Your task: Word for word, copy out the data below, omitting pictures.

Data segment:
[Start of Attachment]
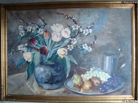 Opstilling - "Stilleben" - Kinesisk bojan med tulipaner og blomstrende gren, tinkrus og tinfad med druer og pærer.
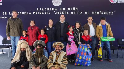 El presidente municipal de Corregidora, Chepe Guerrero, junto con las y los miembros de su Gabinete y regidores, entregaron juguetes y ropa a niñas y niños de la escuela primaria Josefa Ortiz de Domínguez en la comunidad de El Progreso, con quienes compartieron la tradicional Rosca de Reyes, como parte del programa “Apadrina un Niño”, organizado por segundo año consecutivo por parte del Sistema Municipal DIF Corregidora.
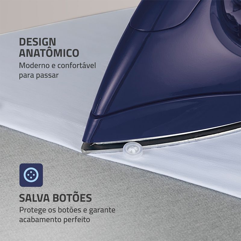 DESIGN ANATÔMICO: O ferro de passar da Mondial tem design moderno e confortável para passar suas roupas com mais facilidade.
[End of Attachment]
Exercise response:
 Opstilling - "Stilleben" - Kinesisk bojan med tulipaner og blomstrende gren, tinkrus og tinfad med druer og pærer.
 El presidente municipal de Corregidora, Chepe Guerrero, junto con las y los miembros de su Gabinete y regidores, entregaron juguetes y ropa a niñas y niños de la escuela primaria Josefa Ortiz de Domínguez en la comunidad de El Progreso, con quienes compartieron la tradicional Rosca de Reyes, como parte del programa “Apadrina un Niño”, organizado por segundo año consecutivo por parte del Sistema Municipal DIF Corregidora.
 DESIGN ANATÔMICO: O ferro de passar da Mondial tem design moderno e confortável para passar suas roupas com mais facilidade.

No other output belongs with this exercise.